Find the midline of a rectangular trapezoid ABCD if its angle D is 30

Find the midline of a rectangular trapezoid ABCD if its angle D is 30, and the diagonal AC is perpendicular to the side of CD and the base of AD is 16.
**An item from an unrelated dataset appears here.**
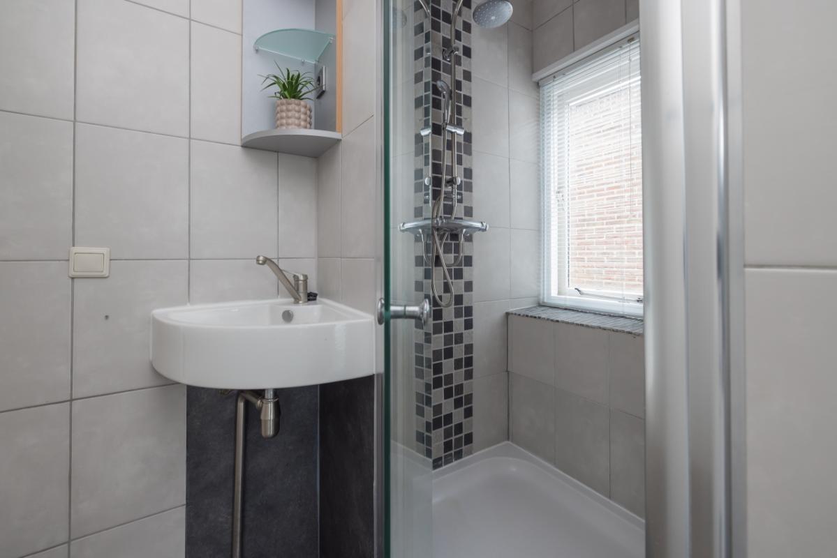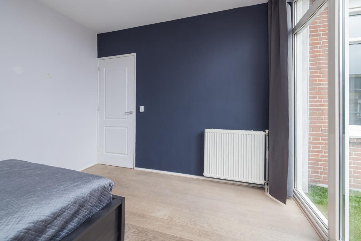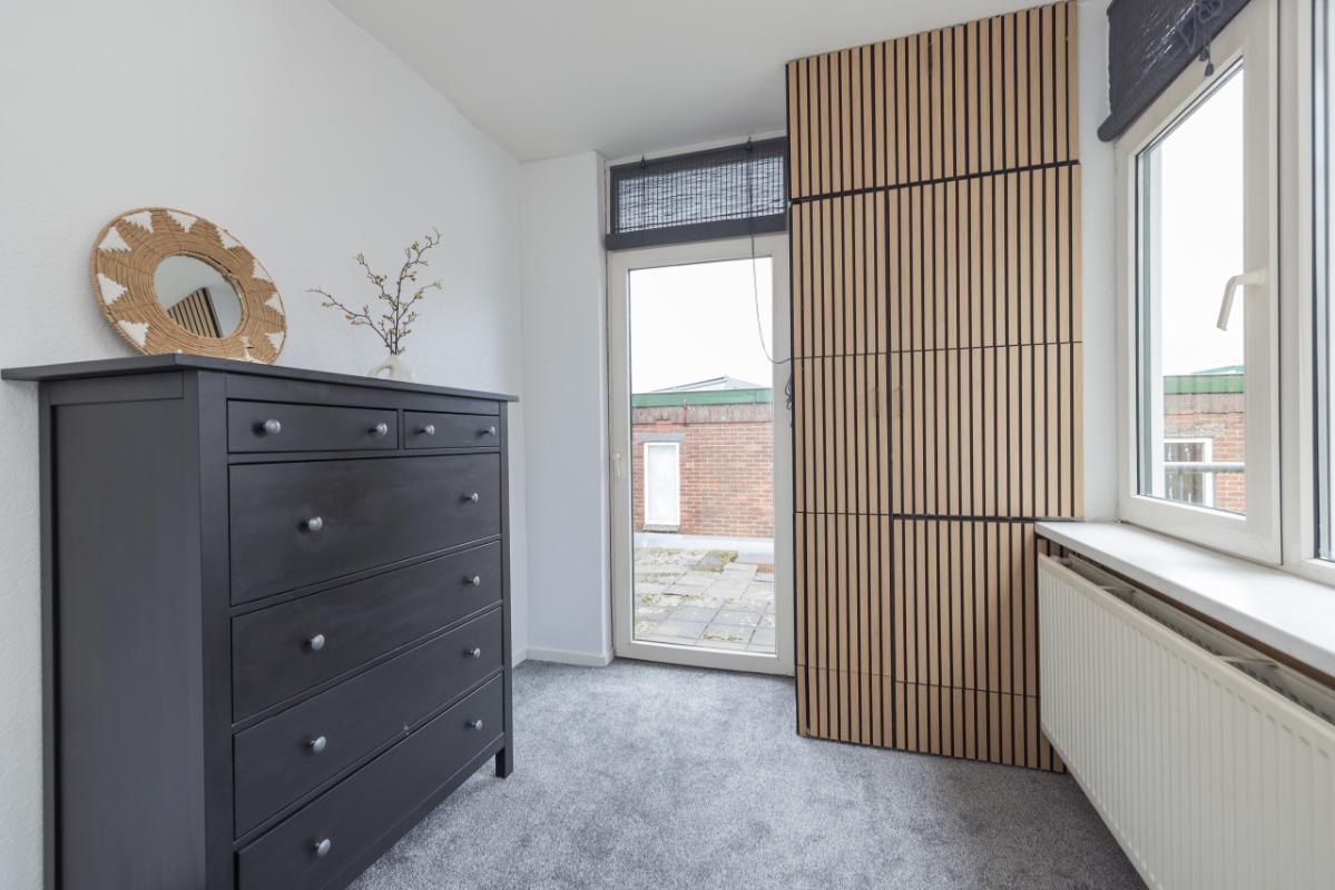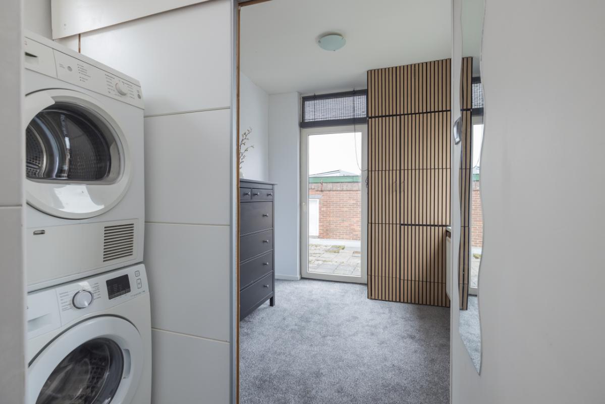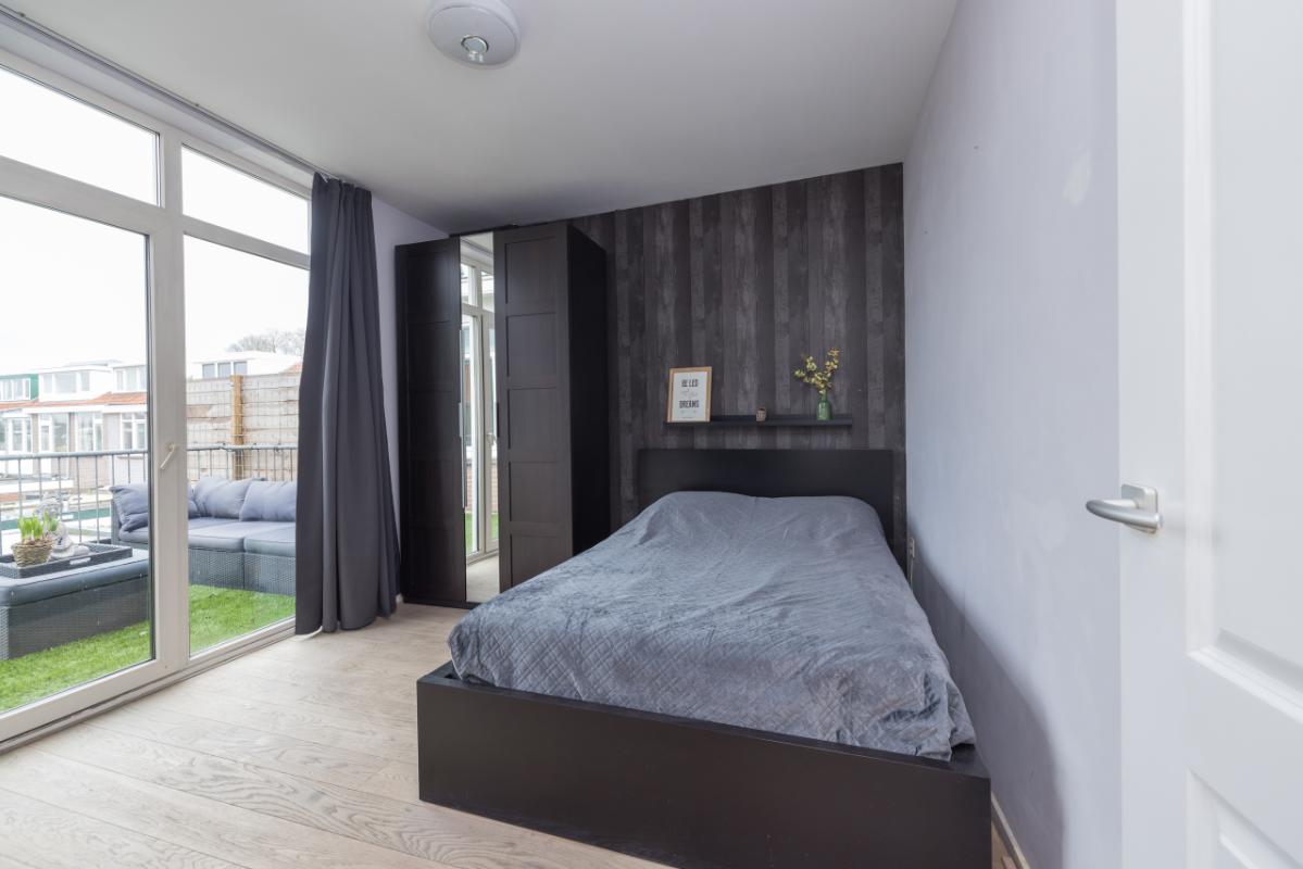 Aan de achterzijde van de woning bevindt zich een fijne slaap- of studeerkamer met een deur naar buiten (dit gedeelte van het dak mag overigens niet gebruikt worden als dakterras). De meterkast is netjes weggewerkt in een vaste kast.

The ACD triangle is rectangular, since, by condition, AC is perpendicular to CD. The leg AC lies opposite the angle 30, then AC = AD / 2 = 16/2 = 8 cm, then, according to the Pythagorean theorem, we determine the length of the leg CD.

CD ^ 2 = AD ^ 2 – AC ^ 2 = 256 – 64 = 192.

СD = 8 * √3 cm.

Let’s build the height of the CH trapezoid ABD.

The CDH triangle is rectangular, then the CH leg lies opposite the angle 30, then CH = CD / 2 = 8 * √3 / 2 = 4 * √3 cm.

DH ^ 2 = CD ^ 2 – H ^ 2 = 192 – 48 = 144.

DН = 12 cm.

Then AH = BC = 12 cm.

Let’s define the middle line of the trapezoid.

KM = (AD + BC) / 2 = (16 + 12) / 2 = 14 cm.

Answer: The middle line of the trapezoid is 14 cm.